The basis of the invention is the task of expanding the scope of use and increasing the effectiveness of the thermal jet coagulator for surgical operations by improving its structural construction, in particular, by installing in it a pre-assembled fitting consisting of fixed and movable parts, making radial holes on the outer threaded surface of the latter for the passage of cooling flow, positioning the metal protective tube on the fixed part of the fitting, providing the body of the thermal jet coagulator with a telescopic shape, equipping the thermal jet coagulator with a limiter and a pre-bent plastic tube, as a result of which a uniform gap is formed between the protective metal tube and the moving part of the fitting for the passage of the cooling flow, the flow of which is regulated the degree of opening of the radial holes during the rotation of the moving part of the fitting relative to the stationary one provides the possibility of adjusting the direction and angle of deviation of the thermostat skill, as well as the length of the tool by manually moving the telescopic elements relative to each other or with the help of a plastic tube.

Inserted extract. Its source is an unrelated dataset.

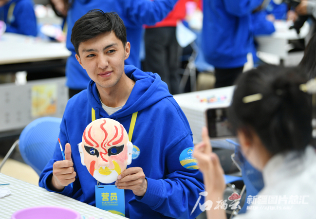 4月15日,2024年“汉语桥”上海合作组织国家青年学生春令营营员在新疆师范大学展示自己绘制的戏曲脸谱。

The invention is also based on the task of expanding the scope of use and increasing the efficiency of the thermal jet coagulator for surgical operations by improving its structural construction, in particular, by installing in it a prefabricated fitting consisting of fixed and movable parts, making radial holes on the outer threaded surface of the latter for passage cooling flow, positioning a metal protective tube on the fixed part of the fitting, providing the body of the thermal jet coagulator with a telescopic shape, equipping it with a flexible tube connected through a connecting fitting with a plastic one, equipping it with a limiter and a movable wire rod that interacts with the fixed part of the fitting, in as a result, a uniform gap is formed between the protective metal tube and the moving part of the fitting for the passage of the cooling flow, the flow of which is regulated by the degree of opening

From the radial holes, when the moving part of the fitting is relatively stationary, it is possible to adjust the direction and deflection angle of the thermal jet in a wide range with the help of a wire rod, as well as the length of the tool by moving the plastic tube.

The basis of the invention is also the task of expanding the scope of use and increasing the efficiency of the method of conducting surgical operations with the application

C5 of the thermal jet coagulator by using carbon dioxide to form a laminar jet, taking it from the patient's abdominal cavity and feeding it to the thermal jet coagulator, and from the thermal jet coagulator - again to the abdominal cavity with the repetition of these techniques throughout the entire period of thermal jet treatment of the wound, as a result of which if carbon dioxide bubbles get into the venous vessels, the latter, due to their affinity with the composition of the blood, dissolve in it without the threat of embolism, and conditions are also created for the operation at constant intra-abdominal pressure.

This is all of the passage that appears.